▶ [REQUIRED ACTION]
Would you please repeat exactly the entries below, starting at the line with "在 zabbix 后台添加一个 反弹 shell 脚本" and ending at the line with "景觀中的折線擁有更多空間的可", and nothing outside that range? Leave out the pictures.
INPUT FOR THIS TASK below:
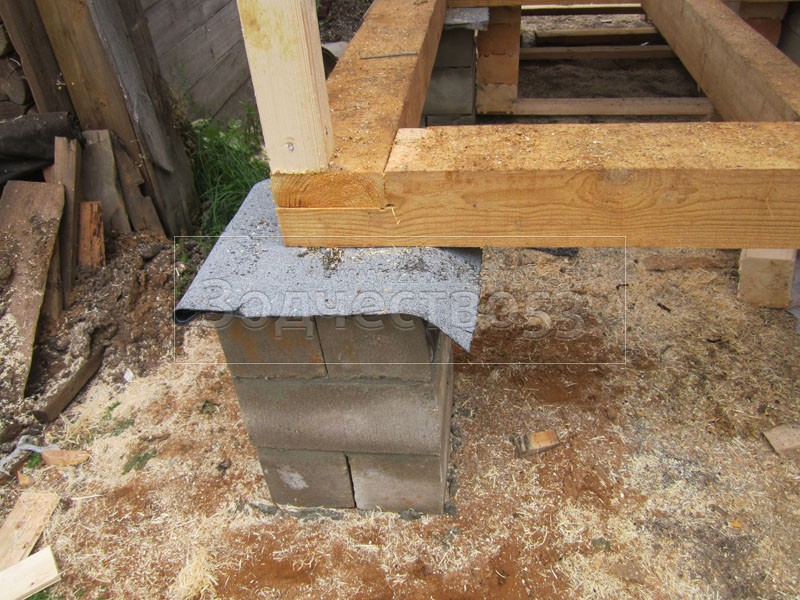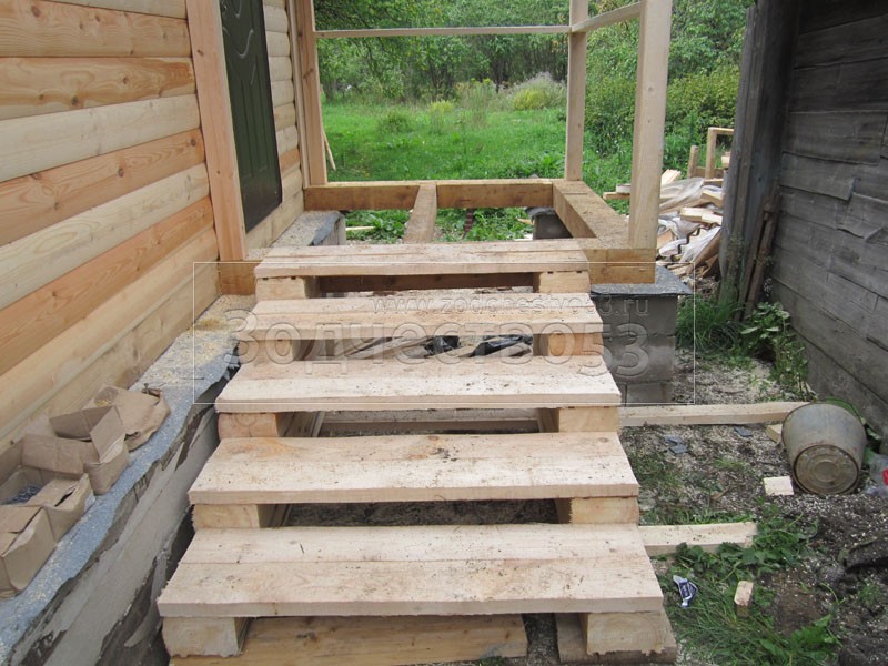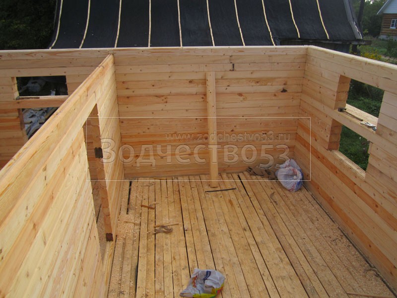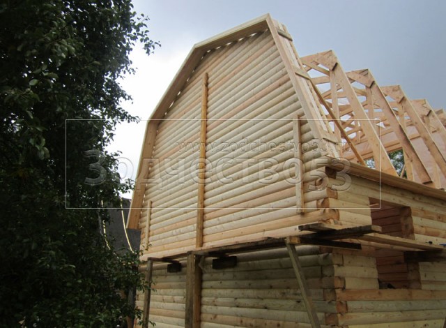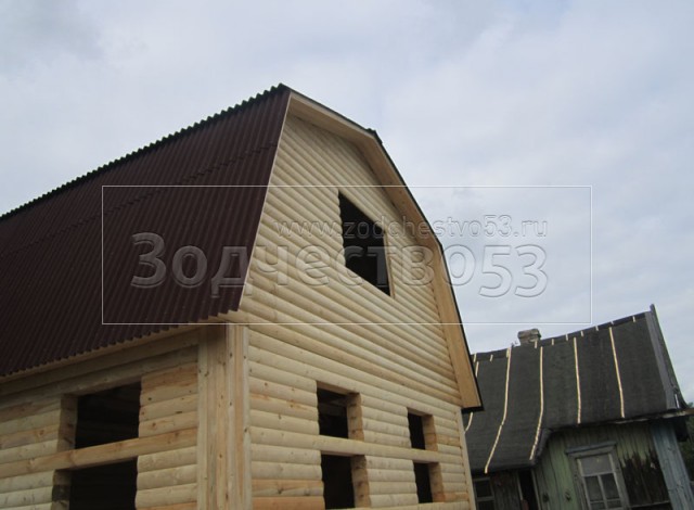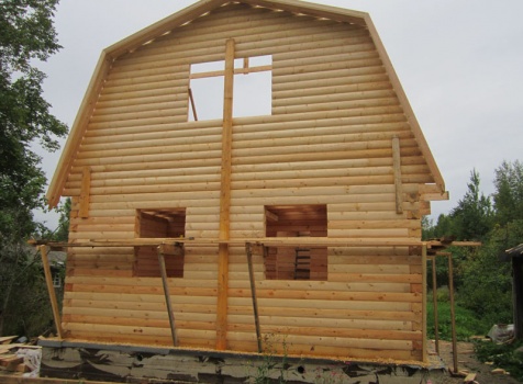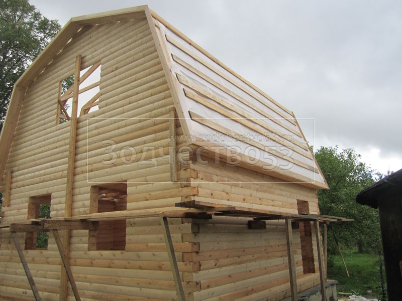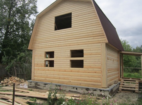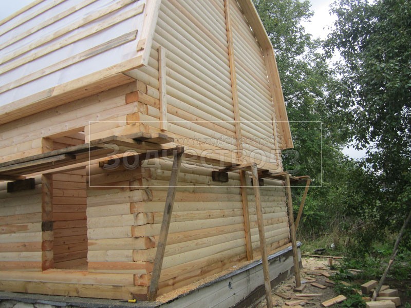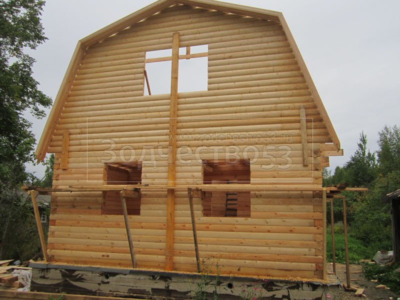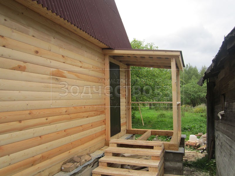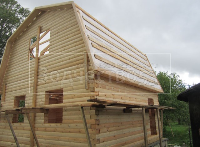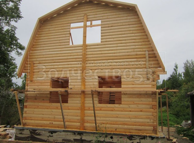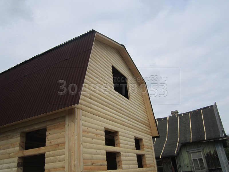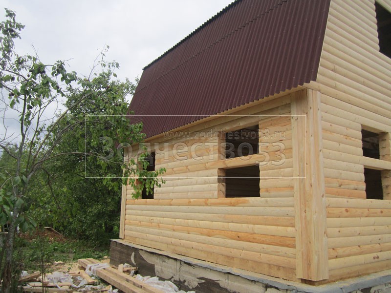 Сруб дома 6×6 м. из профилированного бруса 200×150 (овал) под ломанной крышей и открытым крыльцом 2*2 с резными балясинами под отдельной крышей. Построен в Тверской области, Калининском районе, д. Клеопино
End of INPUT FOR THIS TASK.
INPUT FOR THIS TASK below:
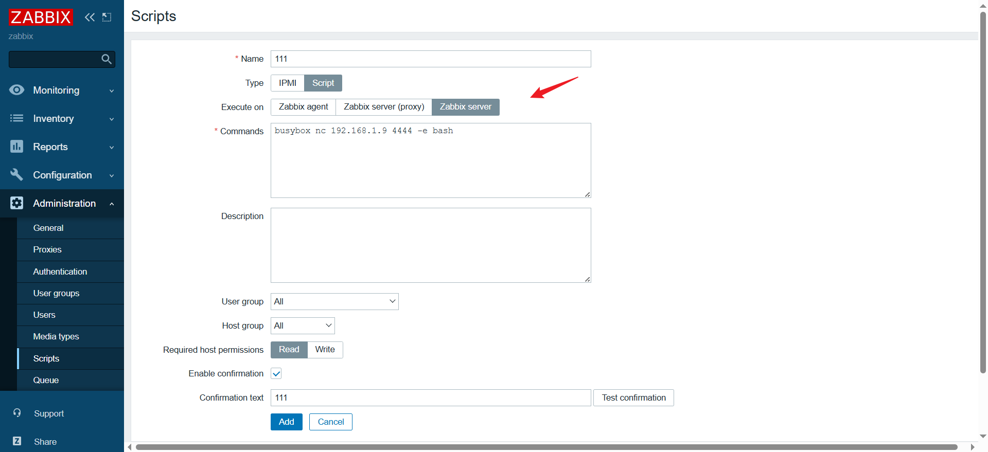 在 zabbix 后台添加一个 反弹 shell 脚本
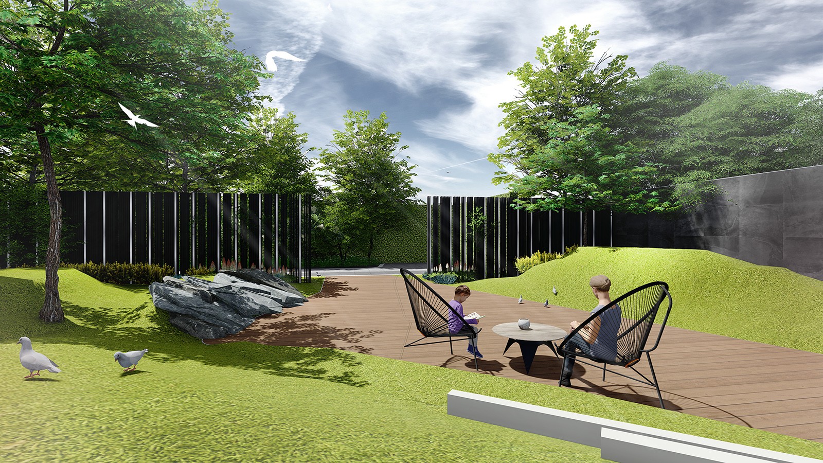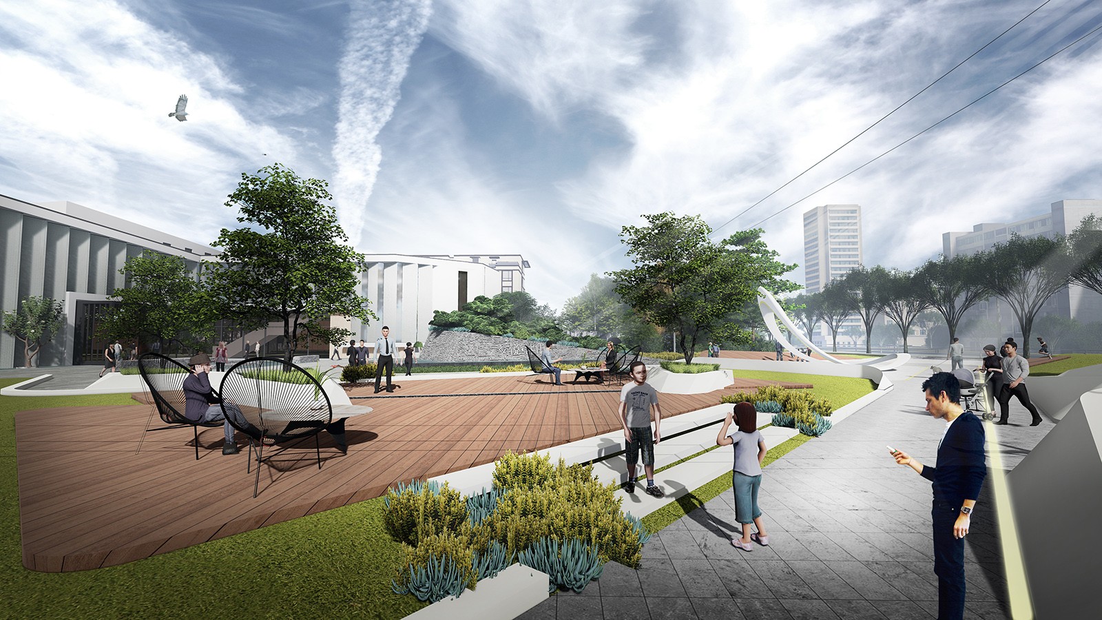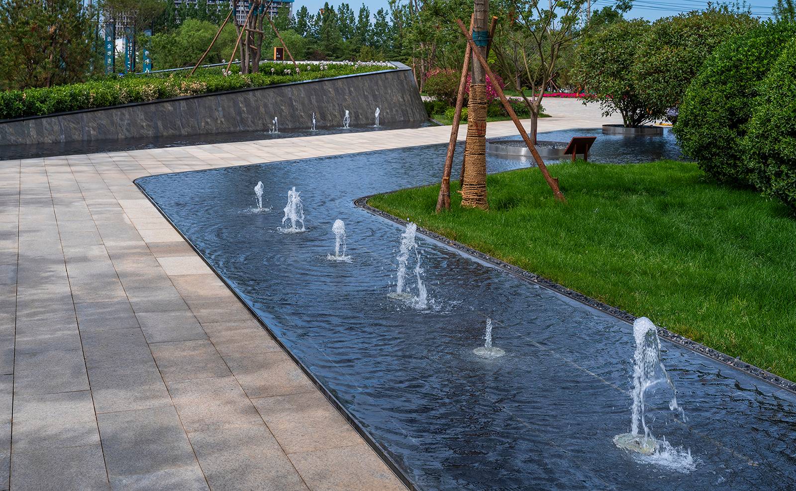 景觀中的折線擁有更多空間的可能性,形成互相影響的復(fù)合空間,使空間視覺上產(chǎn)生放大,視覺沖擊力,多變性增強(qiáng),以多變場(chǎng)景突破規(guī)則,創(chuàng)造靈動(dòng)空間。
End of INPUT FOR THIS TASK.
▶ [RESULT]
 在 zabbix 后台添加一个 反弹 shell 脚本
 景觀中的折線擁有更多空間的可能性,形成互相影響的復(fù)合空間,使空間視覺上產(chǎn)生放大,視覺沖擊力,多變性增強(qiáng),以多變場(chǎng)景突破規(guī)則,創(chuàng)造靈動(dòng)空間。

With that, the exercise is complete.